August 04, 2004
Dick Cheney, Crook
Josh Marshall has the goods on Dick Cheney. The New York Times reports:
The Halliburton Company secretly changed its accounting practices when Vice President Dick Cheney was its chief executive, the Securities and Exchange Commission said yesterday as it fined the company $7.5 million and brought actions against two former financial officials.The commission said the accounting change enabled Halliburton, one of the nation's largest energy services companies, to report annual earnings in 1998 that were 46 percent higher than they would have been had the change not been made. It also allowed the company to report a substantially higher profit in 1999, the commission said.

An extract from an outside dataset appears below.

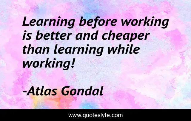 "Atlas Gondal Quotes." Quoteslyfe.com, 2025. Fri. 05 Dec. 2025. <https://www.quoteslyfe.com/quote/Learning-before-working-is-better-and-cheaper-36392>.

Given that Halliburton is paying a hefty fine for what can only be described as deliberate fraud, the Times is remarkably gentle in its reporting. So is the SEC. Josh Marshall sez:
The SEC and the even the Times goes to some length to avoid the colloquial term for this sort of behavior: i.e., fraud. The SEC did levy the fine. And it did point the finger of blame at two lower levels Halliburton officials. Yet the SEC, in the words of the Times, "did not detail the extent to which [Cheney] was aware of the change or of the requirement to disclose it to investors." And not surprisingly, in the article, Cheney's lawyer, Terrence O'Donnell is trumpeting the results of the investigation as a clean bill of health for Cheney. ...So here you have the Vice President of the United States. His company gets caught in about as clear a case of cooking the books to inflate profits as you can imagine during the time he was CEO. (His salary and bonuses are tied to company profits.) And he won't even go to the trouble of denying that he was aware of the wrongdoing.
Can we have some more aggressive reporting on this one?
I second the motion. Cheney, it is now clear, is cut from the same cloth as Dennis Koslowski or Ken Lay. Maybe John Edwards can work this into his stump speech?
Update: Billmon, at the Whiskey Bar, goes into substantial detail on the what and the why of the cooking of the Halliburton books, and why it is highly likely (if not necessarily provable) that Cheney had his hand in it.